+++ Records shown

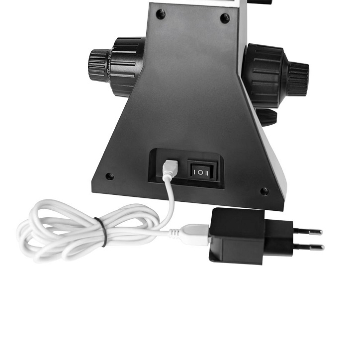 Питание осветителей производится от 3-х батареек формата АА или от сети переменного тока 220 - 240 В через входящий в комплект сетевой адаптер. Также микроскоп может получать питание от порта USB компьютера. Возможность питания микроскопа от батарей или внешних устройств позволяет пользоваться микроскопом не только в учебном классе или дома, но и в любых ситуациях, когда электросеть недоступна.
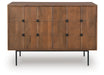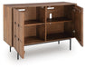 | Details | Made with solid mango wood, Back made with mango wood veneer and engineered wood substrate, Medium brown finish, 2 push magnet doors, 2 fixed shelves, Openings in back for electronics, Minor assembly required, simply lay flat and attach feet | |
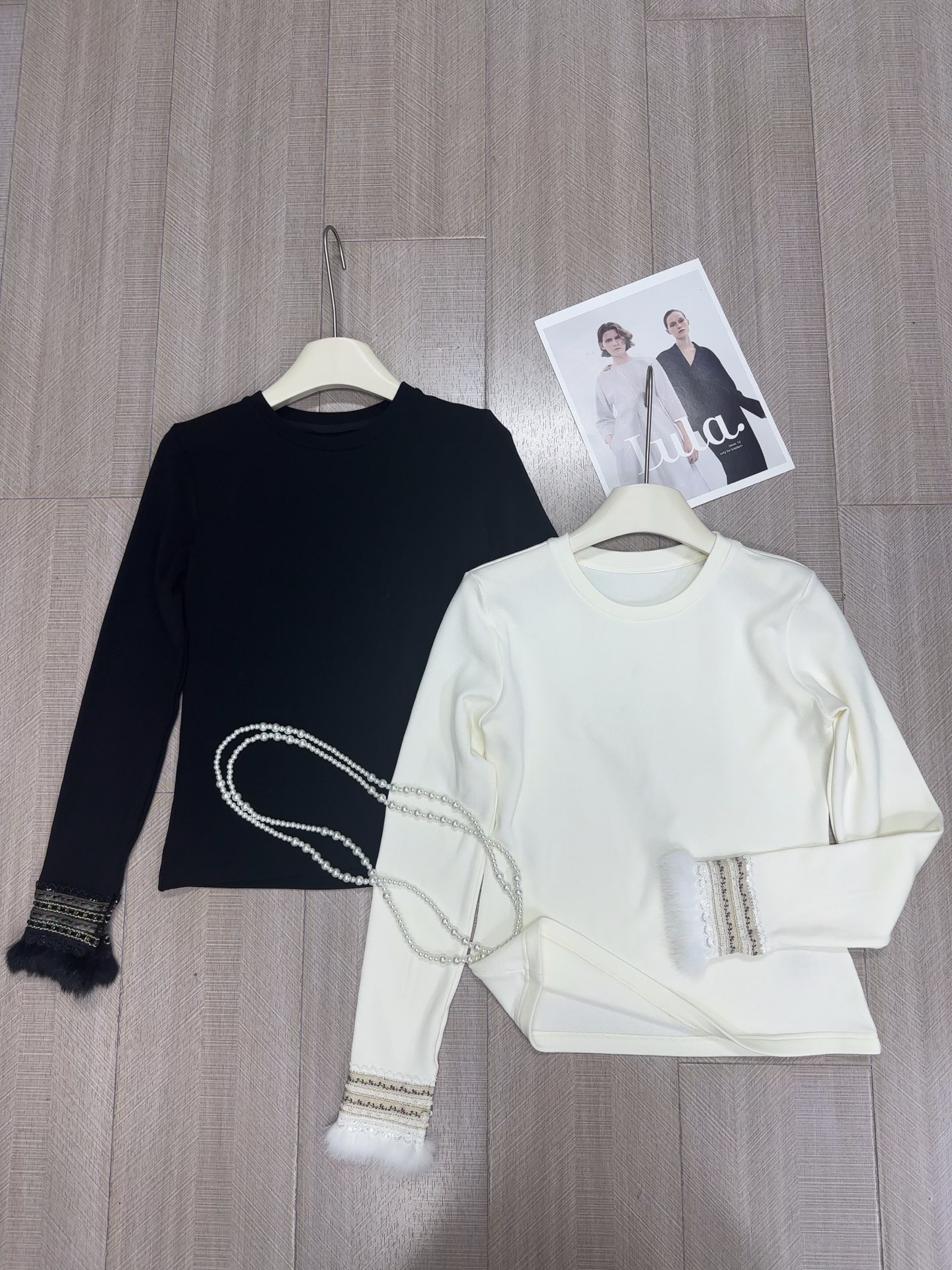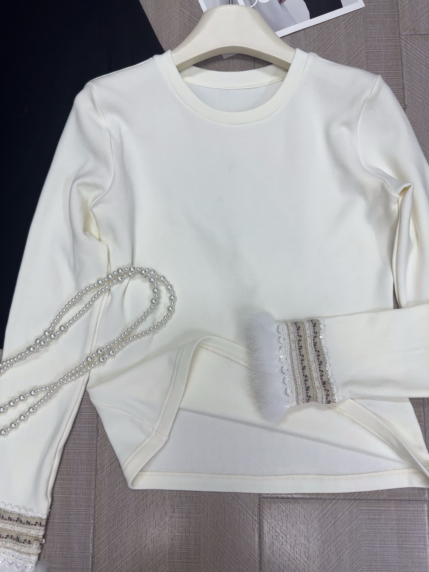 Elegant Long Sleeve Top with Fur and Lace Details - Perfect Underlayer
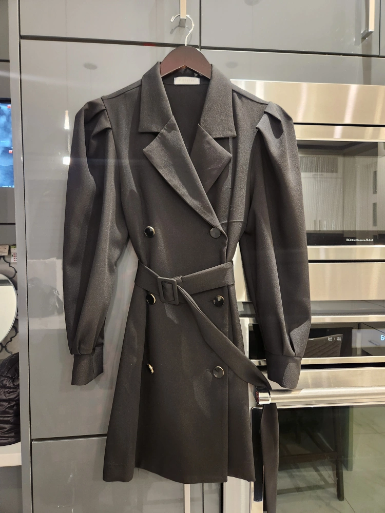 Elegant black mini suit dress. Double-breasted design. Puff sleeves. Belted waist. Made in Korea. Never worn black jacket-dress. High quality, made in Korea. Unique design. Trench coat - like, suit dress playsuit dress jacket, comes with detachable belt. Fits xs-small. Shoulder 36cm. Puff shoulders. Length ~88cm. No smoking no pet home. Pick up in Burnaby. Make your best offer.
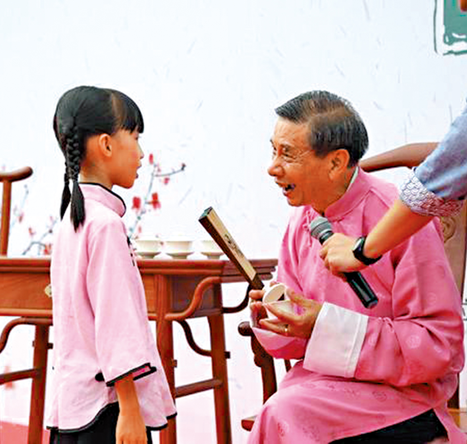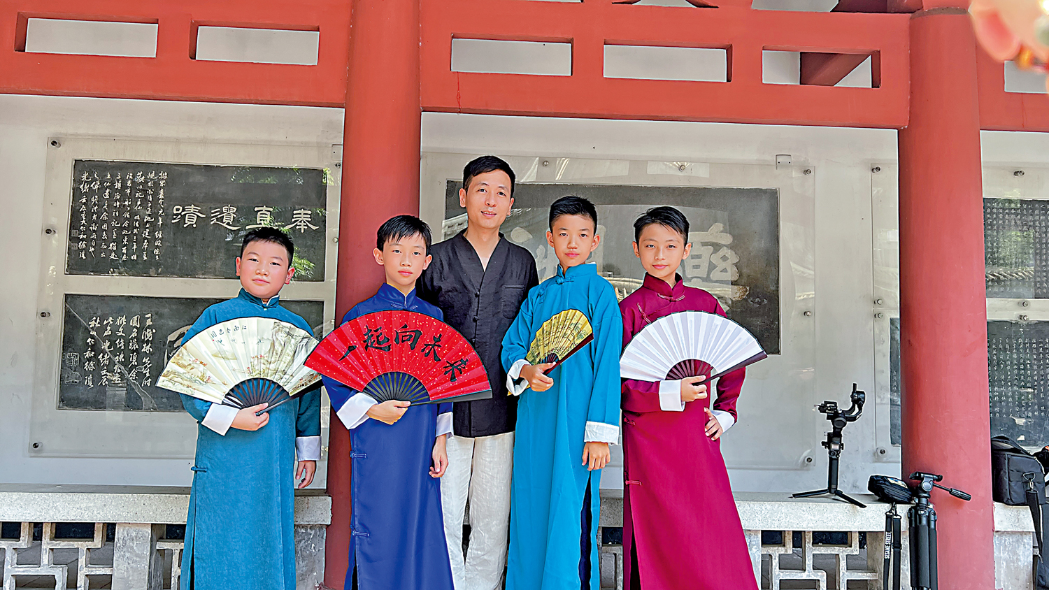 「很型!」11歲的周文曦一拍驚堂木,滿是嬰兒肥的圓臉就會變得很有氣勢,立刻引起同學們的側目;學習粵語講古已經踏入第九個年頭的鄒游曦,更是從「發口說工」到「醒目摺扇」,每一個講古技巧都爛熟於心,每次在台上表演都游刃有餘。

++++++

• Task item
Give back exactly the lines from the line with "Elegant black mini" through the end of the records, both included; keep all pictures out.

• Solved problem
 Elegant black mini suit dress. Double-breasted design. Puff sleeves. Belted waist. Made in Korea. Never worn black jacket-dress. High quality, made in Korea. Unique design. Trench coat - like, suit dress playsuit dress jacket, comes with detachable belt. Fits xs-small. Shoulder 36cm. Puff shoulders. Length ~88cm. No smoking no pet home. Pick up in Burnaby. Make your best offer.
 「很型!」11歲的周文曦一拍驚堂木,滿是嬰兒肥的圓臉就會變得很有氣勢,立刻引起同學們的側目;學習粵語講古已經踏入第九個年頭的鄒游曦,更是從「發口說工」到「醒目摺扇」,每一個講古技巧都爛熟於心,每次在台上表演都游刃有餘。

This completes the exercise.